• **SUPPLIED INFORMATION**:
+-------+

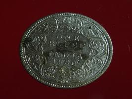 | Description / विवरण | The obverse shows the crowned bust of Victoria facing left, with the divided legend on either side along the edge. Milled rim, with dotted circle. Obverse legend Victoria Empress. Reverse, in centre, surrounded by floral border One rupee India 1880. Double circle with dots along the edge. |
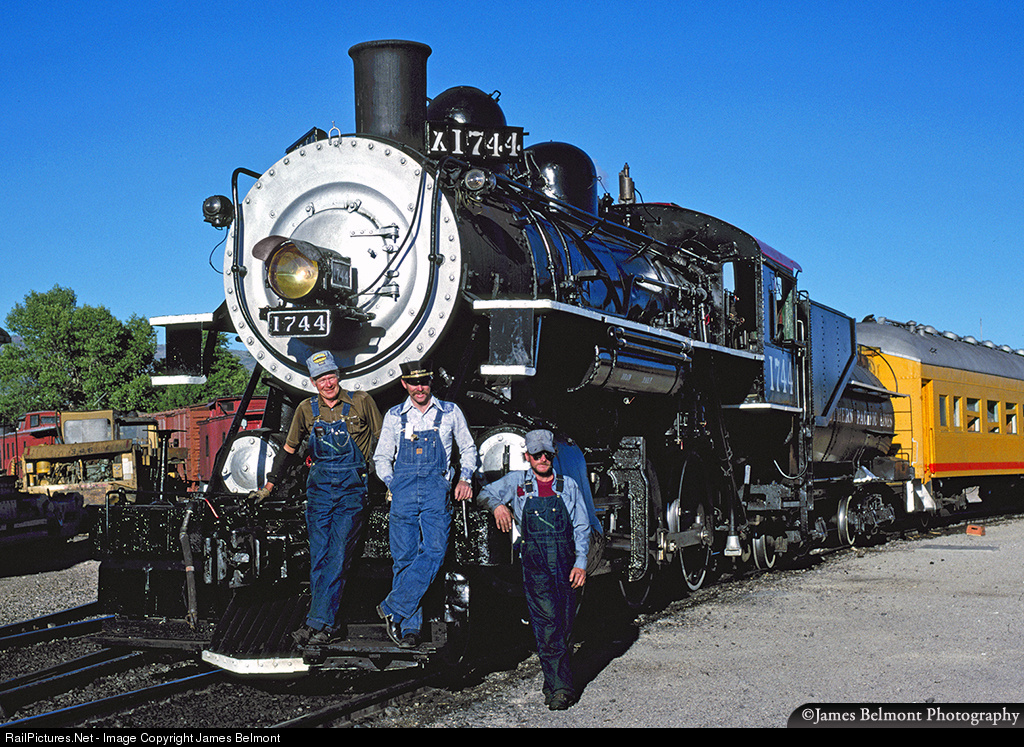 Heber Creeper crew members (left to right) George Connell, Engineer, Eric Dowty, Conductor and Mike Bigler, Fireman pose for the camera at Heber City yard on Aug. 27, 1989. Southern Pacific 2-6-0 No. 1744 was built by Baldwin Locomotive Works for the SP in Nov. 1901.
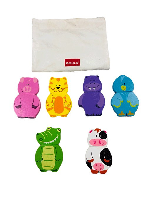 A készletben hat különböző állat van: boci, malac, cica, víziló, kismadár és krokodil, és ezeknek rengeteg vicces variációja.
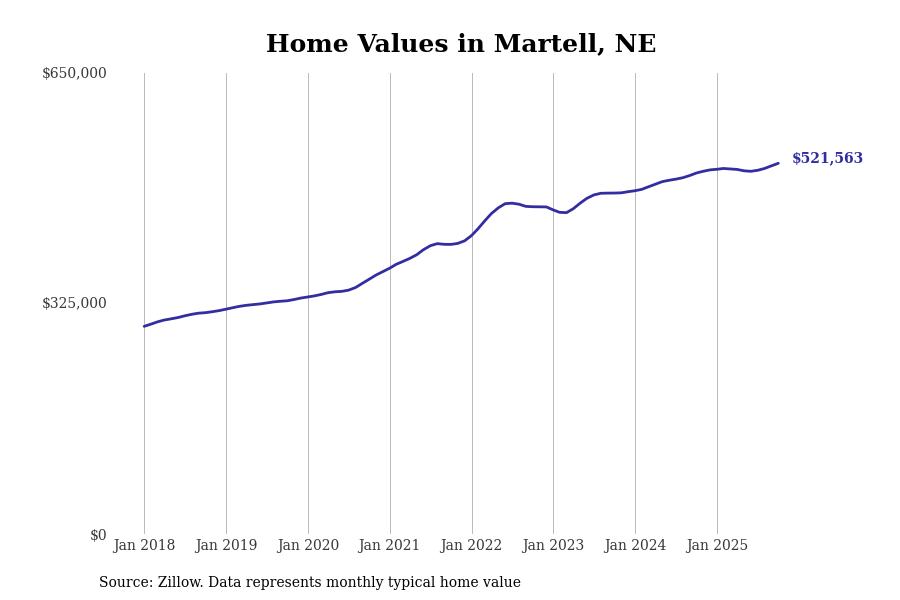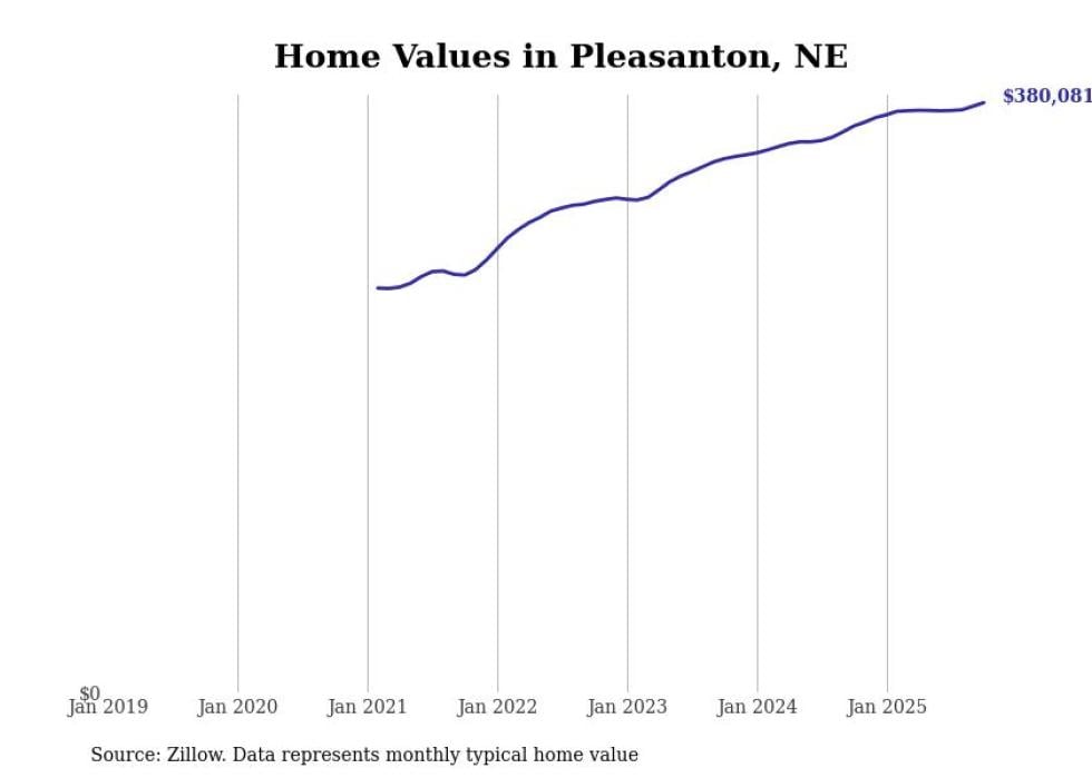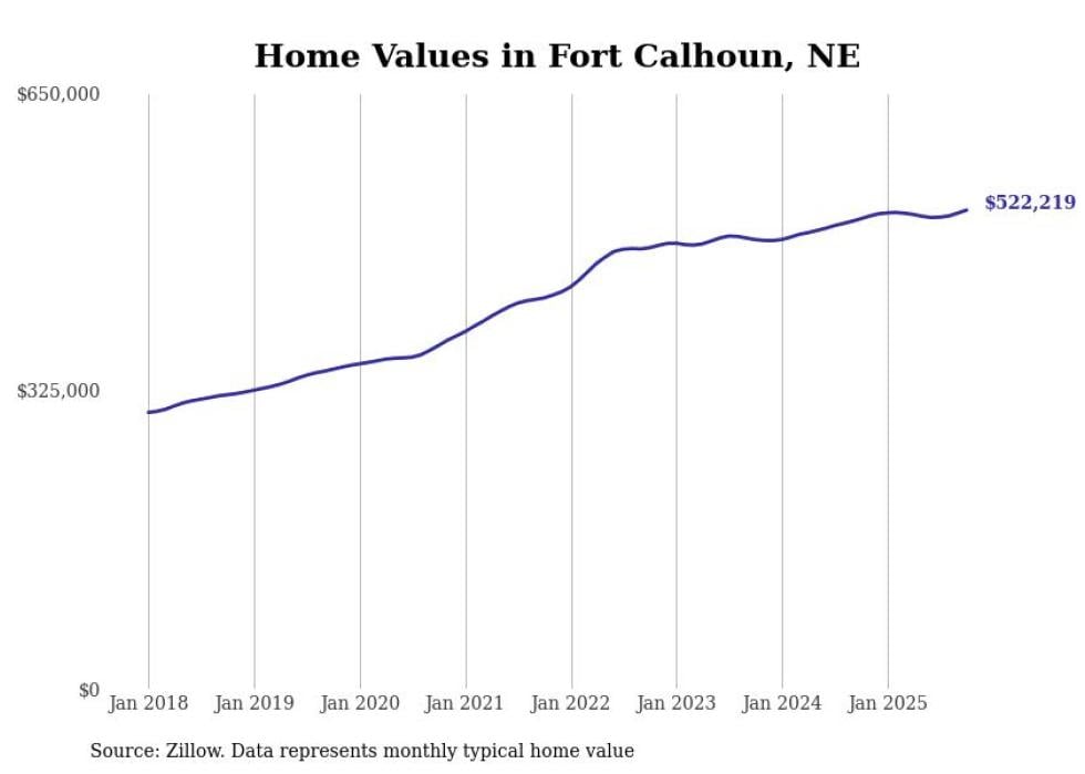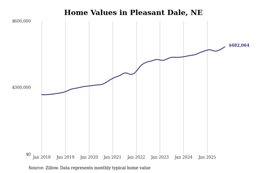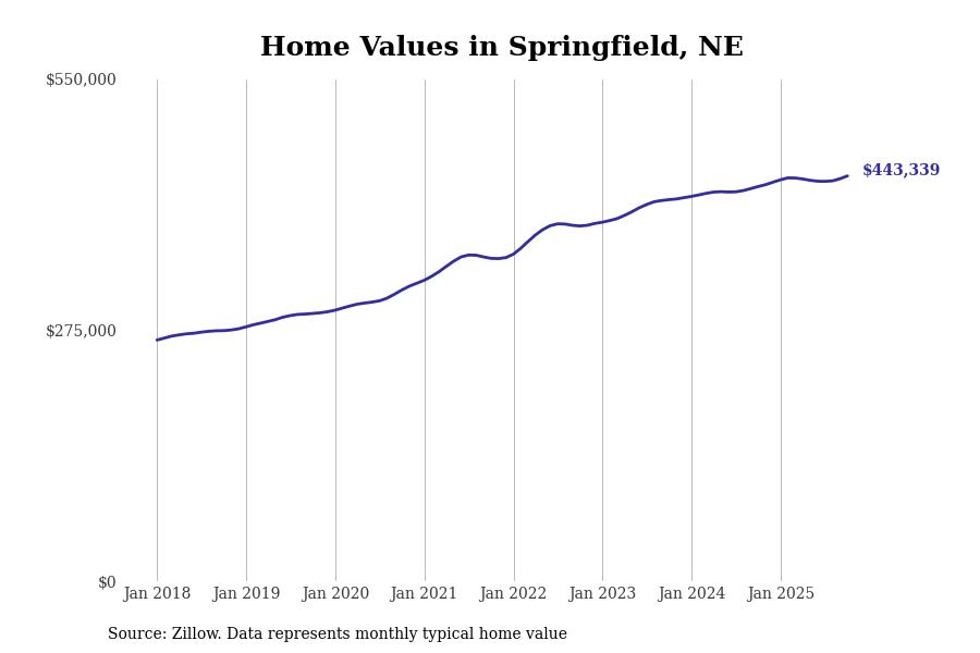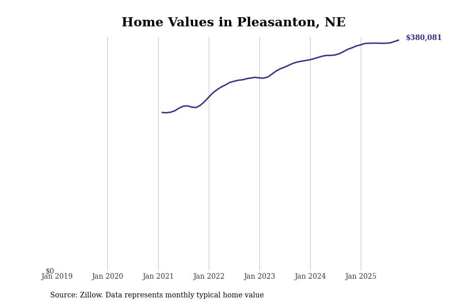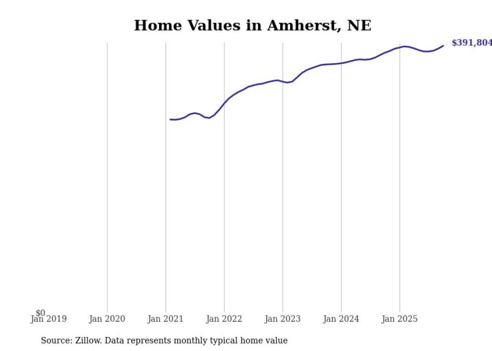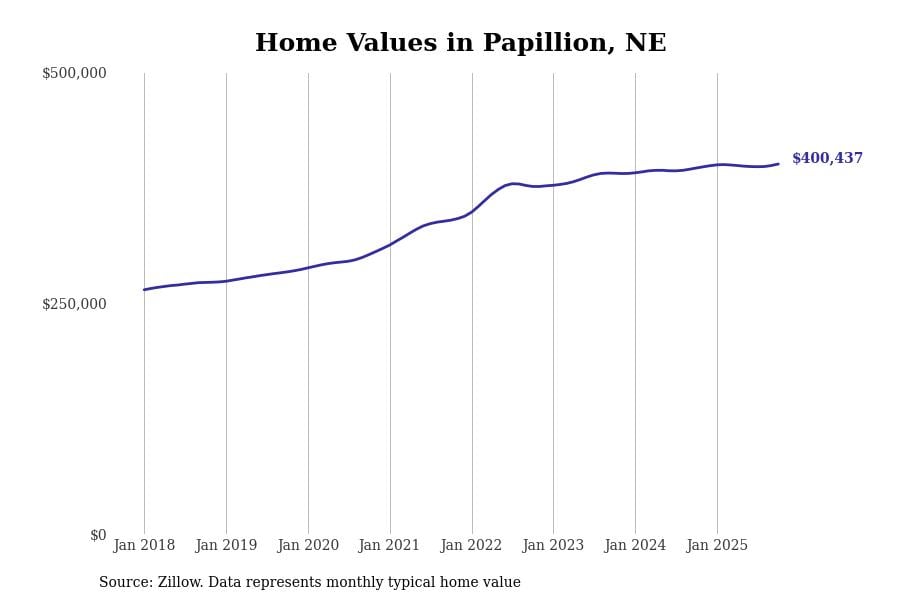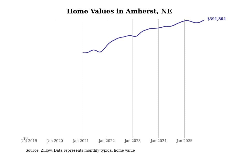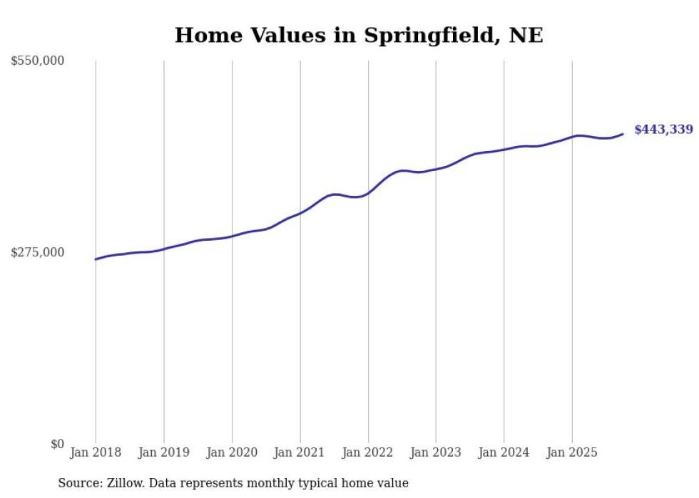 Stacker compiled a list of cities with the most expensive homes in Nebraska using data from Zillow. Cities are ranked by the Zillow Home Values Index for all homes as of October 2025. The charts in this story were created automatically using Matplotlib.

+-------+

• **EXERCISE DESCRIPTION**: Going from the line that holds "Heber Creeper crew" to the end of the listing above, copy each line exactly and nothing more, leaving pictures aside.

• **TASK RESPONSE**:
 Heber Creeper crew members (left to right) George Connell, Engineer, Eric Dowty, Conductor and Mike Bigler, Fireman pose for the camera at Heber City yard on Aug. 27, 1989. Southern Pacific 2-6-0 No. 1744 was built by Baldwin Locomotive Works for the SP in Nov. 1901.
 A készletben hat különböző állat van: boci, malac, cica, víziló, kismadár és krokodil, és ezeknek rengeteg vicces variációja.
 Stacker compiled a list of cities with the most expensive homes in Nebraska using data from Zillow. Cities are ranked by the Zillow Home Values Index for all homes as of October 2025. The charts in this story were created automatically using Matplotlib.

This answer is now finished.